Following a request from the European Commission, the EFSA Panel on Food Contact Materials, Enzymes, Flavourings and Processing Aids was asked to deliver a scientific opinion on re-evaluation of one flavouring substance 3-acetyl-2,5-dimethylthiophene [FL-no 15.024] from FGE.19 subgroup 5.2.
In the 26th Plenary meeting of the AFC Panel on 27-29 November 2007, EFSA discussed the flavouring group evaluation 19 (FGE.19) including flavouring substances which are alpha, beta-unsaturated aldehydes or ketones or precursors thereof. These structures are considered to be a structural alert for genotoxicity. 3-Acetyl-2,5-dimethylthiophene [FL-no 15.024] belongs to subgroup 5.2 in the FGE.19.

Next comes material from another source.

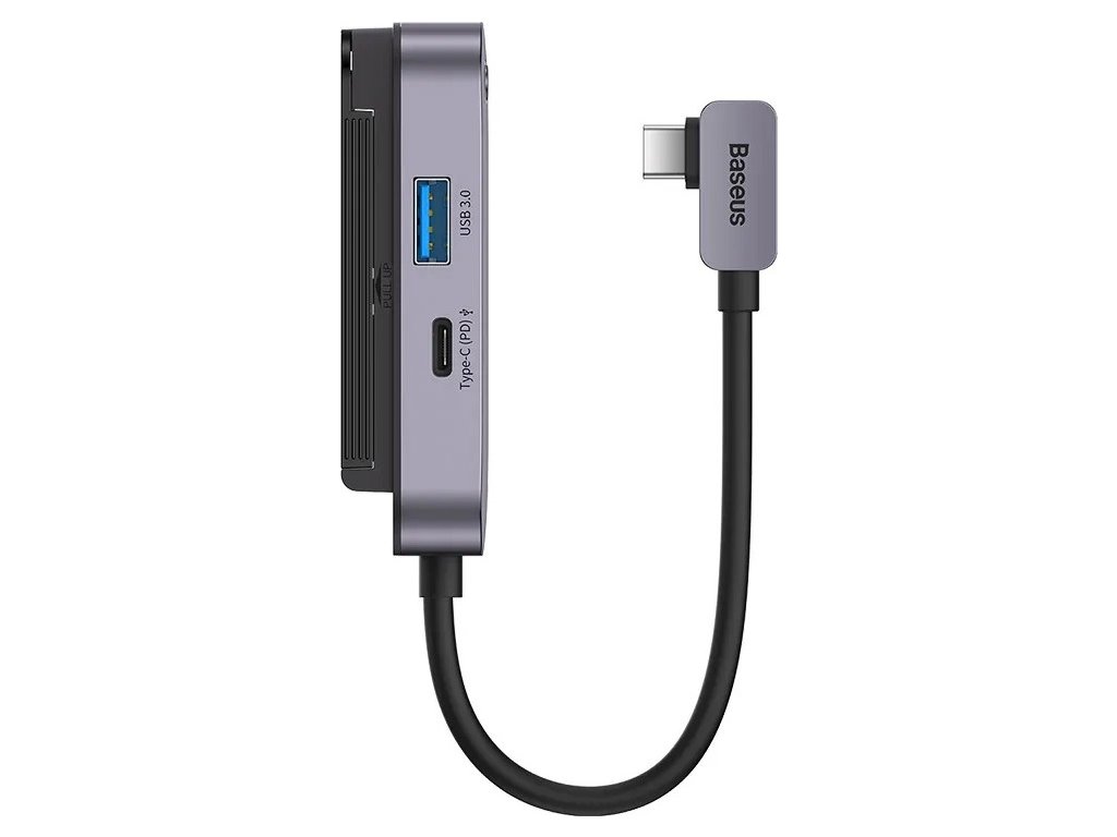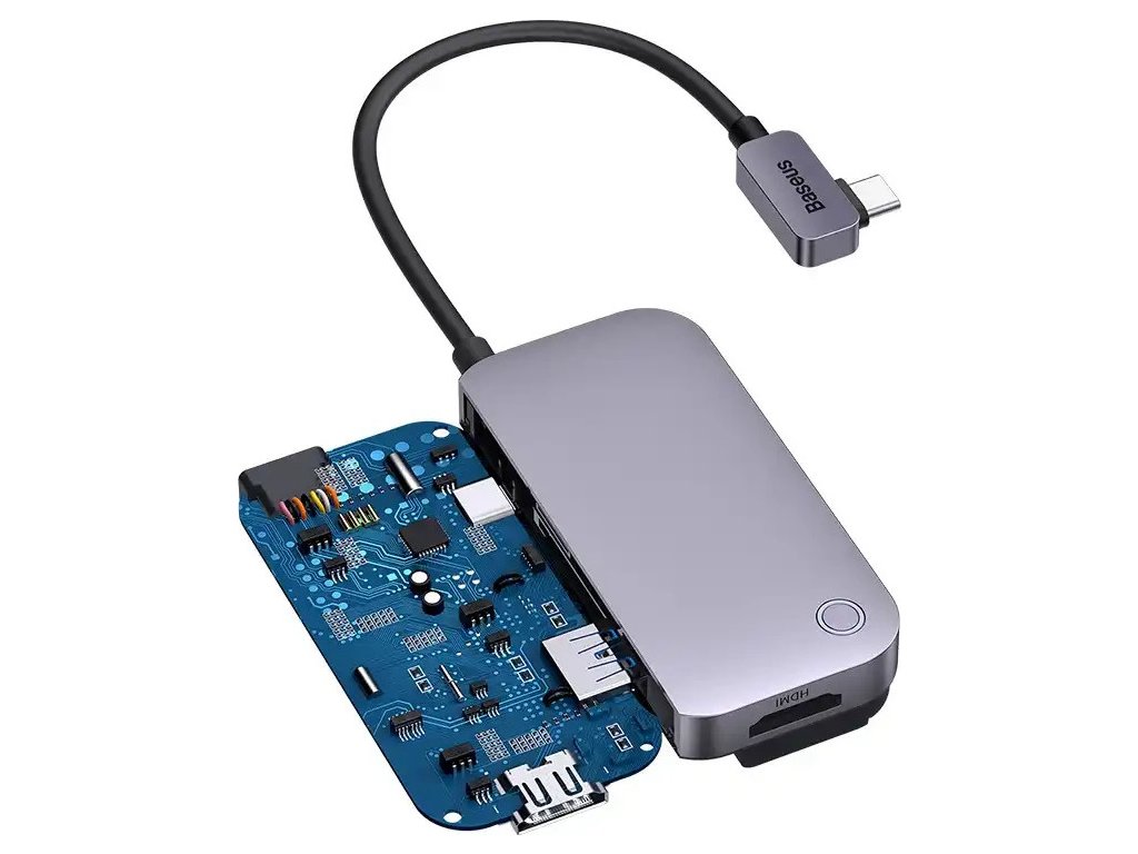 Pohodlne používajte niekoľko zariadení naraz! Rozbočovač 6 v 1 Baseus PadJoy Series je vybavený 5 portami - HDMI, USB-C, USB 3.0, mini jack 3,5 mm a čítačkou kariet SD/TF, takže je vhodný pre domáce aj kancelárske použitie. Umožňuje bleskový prenos dát rýchlosťou až 500 MB/sa rýchle 100W nabíjanie PD. Špeciálny držiak navyše umožňuje adaptér pripevniť na obrazovku zariadenia.

In 2013 the CEF Panel concluded in its Scientific Opinion on FGE.224 (EFSA, 2013) that for the substance 3-acetyl-2,5-dimethylthiophene [FL-no 15.024] no conclusion could be taken due to the lack of data on genotoxicity.
The missing data has now been submitted by the European Flavour Association to the European Commission which asked EFSA to evaluate this new information.
The data submitted consist of an in vitro bacterial mutation assay and an in vivo Muta™Mice study which were performed in compliance with Good Laboratory Practice and according to the OECD Guideline 471 and 488, respectively.
The bacterial mutation assay shows a dose-dependent positive outcome in the strains TA98, TA100 and TA102 in presence of Aroclor induced rat liver S9-mix (at non toxic concentrations), indicating that the mutagenicity observed in this assay is due to a metabolite of the substance.
In addition, an in vivo study in Muta™Mice has been performed monitoring mutant frequency in liver and duodenum, and counting of micronucleated reticulocytes in the peripheral blood. Results from this study showed a dose dependent increase in the mutant frequency for liver, while no dose-related effects where observed for mutant frequency in duodenum nor was an increase in micronucleated reticulocytes observed. The results of the in vivo study further support the hypothesis that the mutagenicity observed is due to a metabolite of the 3-acetyl-2,5-dimethylthiophene.
The CEF Panel concluded that 3-acetyl-2,5-dimethylthiophene is mutagenic both in vitro and in vivo and that therefore its use as flavouring substance raises a safety concern.